■ Work required
Using the data below, print exactly the line with "В кулачковых контроллерах", the line with "まずエアコンガスの充填量をマニホールドゲージにて確認して参ります。", and every line between them, but none of the pictures.

■ Provided information
::::::
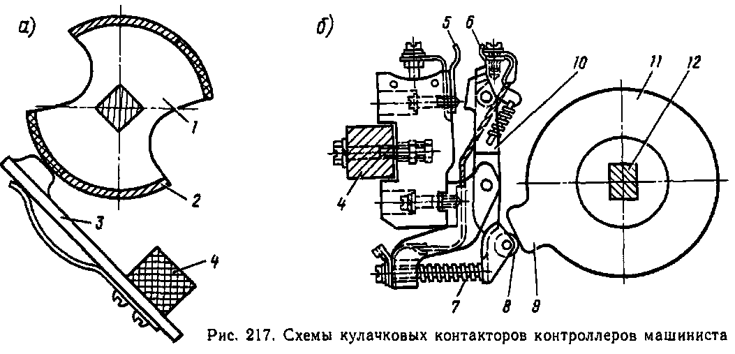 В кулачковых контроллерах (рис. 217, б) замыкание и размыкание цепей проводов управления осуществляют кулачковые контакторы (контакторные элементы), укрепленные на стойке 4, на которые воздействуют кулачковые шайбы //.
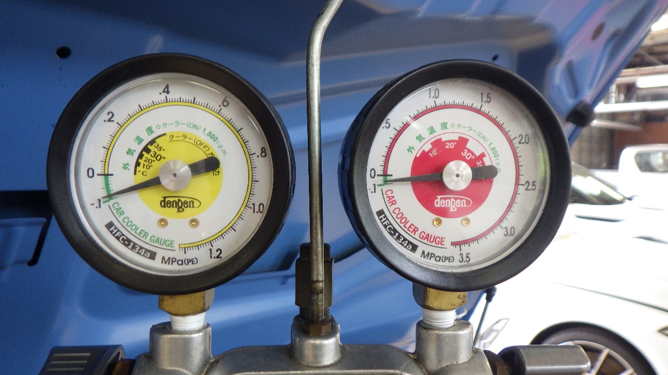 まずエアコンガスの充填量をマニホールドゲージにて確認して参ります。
::::::
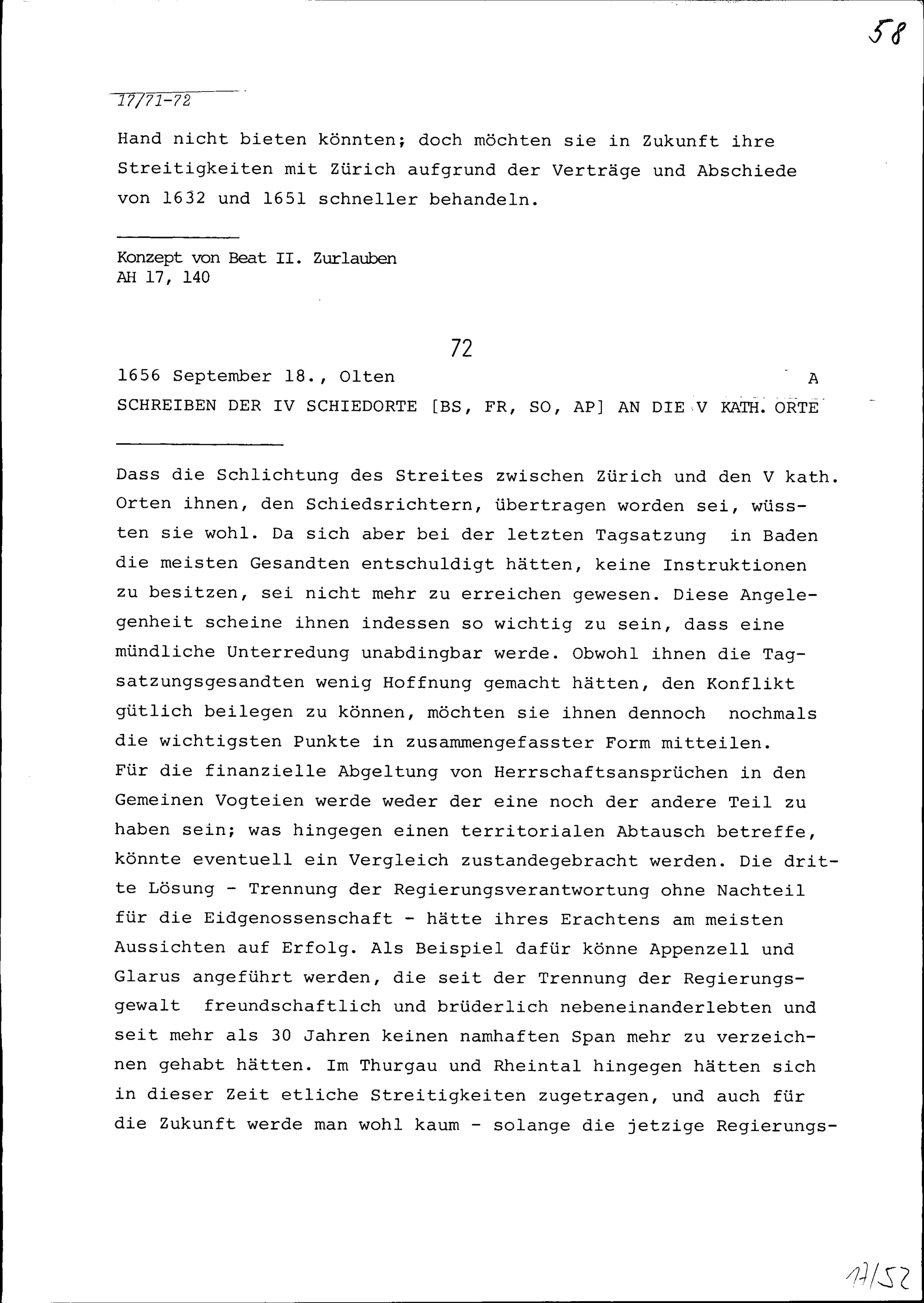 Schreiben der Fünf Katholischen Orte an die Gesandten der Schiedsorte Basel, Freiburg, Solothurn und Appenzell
::::::
■ Written response
 В кулачковых контроллерах (рис. 217, б) замыкание и размыкание цепей проводов управления осуществляют кулачковые контакторы (контакторные элементы), укрепленные на стойке 4, на которые воздействуют кулачковые шайбы //.
 まずエアコンガスの充填量をマニホールドゲージにて確認して参ります。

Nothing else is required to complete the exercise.